When context pressure builds, the agent decides what to archive and what to keep. The decision is not made by a rule or a scoring function external to the agent; the agent itself reasons about it. This sidesteps the question of how to design a universal importance function, because the agent’s existing reasoning capabilities are deployed for the task.
The obvious limitation is that this requires the agent to be reliably self-aware about its own memory needs. Weaker models, or models under time pressure, may make poor decisions about what to retain. There is also a cost to context: the memory management tool calls consume tokens that could otherwise be used for the task. For systems where memory operations are infrequent, this is a reasonable trade. For high-frequency interactive agents, the overhead compounds.
What This Means in Practice
The right memory architecture depends heavily on what kind of continuity the agent actually needs.

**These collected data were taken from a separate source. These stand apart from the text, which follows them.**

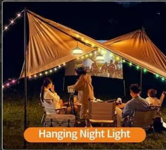
Hanging Night Light
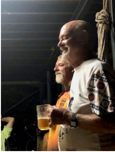
And the Hare
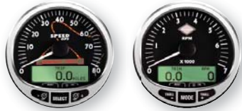
SC1000 Tach & Speed
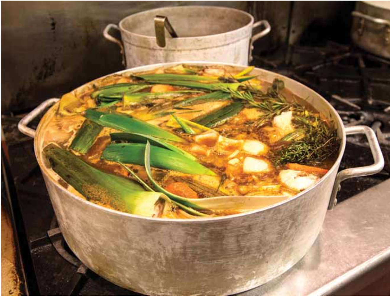
Chef Solomon Mason uses all fresh vegetables and meat bones to make his stock. He starts with 200 litres and when it is all finished, he is left with less than 3 litres of rich, delicious jus.
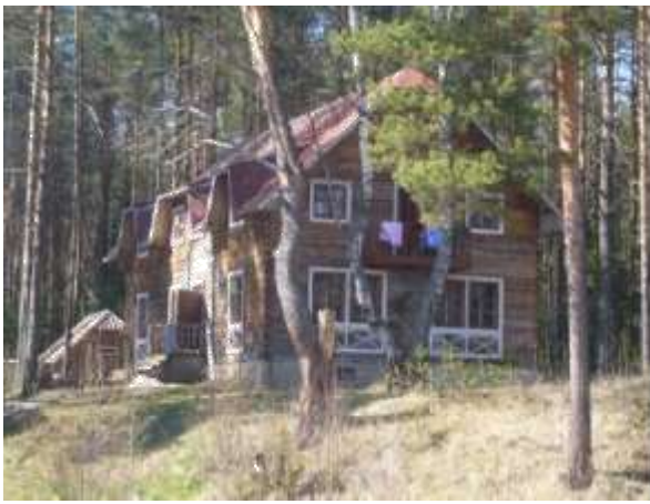
House in Vologda Area
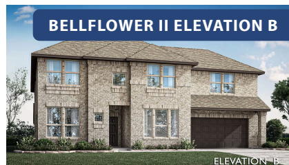
BELLFLOWER II ELEVATION B
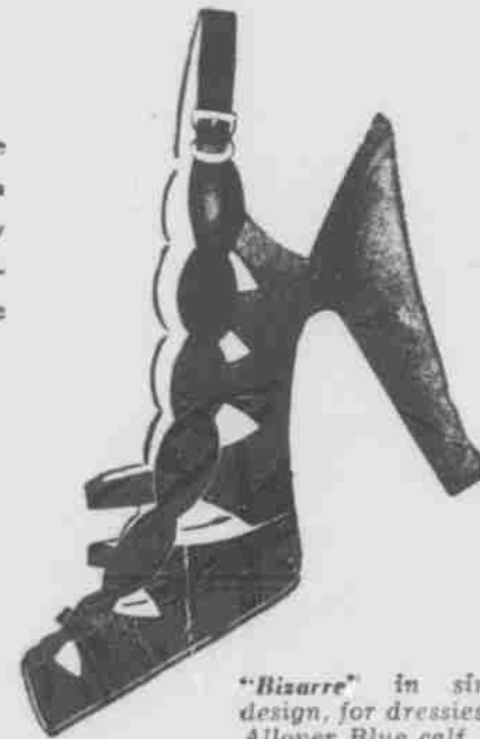
"Bizarre" in simplified design, for dressiest times. Allover Blue calf.

You'll see the famed Delman detail, the ever new Delman silhouette, the Delman delicacy of design in these dashing new DELMANETTES... at young prices! Wonderfully smart and exciting... they're styled for you!
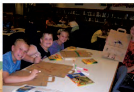
Look for Hardings bags promoting the event!

For short-lived assistants with no cross-session requirements, a conversation buffer with optional summarization on session close is sufficient. For agents that need to personalize across sessions, a hybrid approach works best: a structured key-value or entity store for facts that change (preferences, account state, recent decisions), plus a vector store for episodic recall of past interactions. For domain-specific agents grounded in a fixed knowledge base, pure RAG is the appropriate tool and episodic memory adds noise without benefit.
For fully autonomous agents that act in the world over long periods, the MemGPT-style agent-controlled approach combined with importance scoring at write time is the most defensible architecture, at the cost of being the most expensive and the most dependent on model quality.
The consistent thread is that retrieval quality is downstream of write-time decisions. What you choose to store, in what form, and with what metadata determines what is retrievable and how reliably. Frameworks and benchmarks have converged on good primitives for the read path. The write path, the question of what matters and how to encode it, is still largely an open problem that each system solves for itself.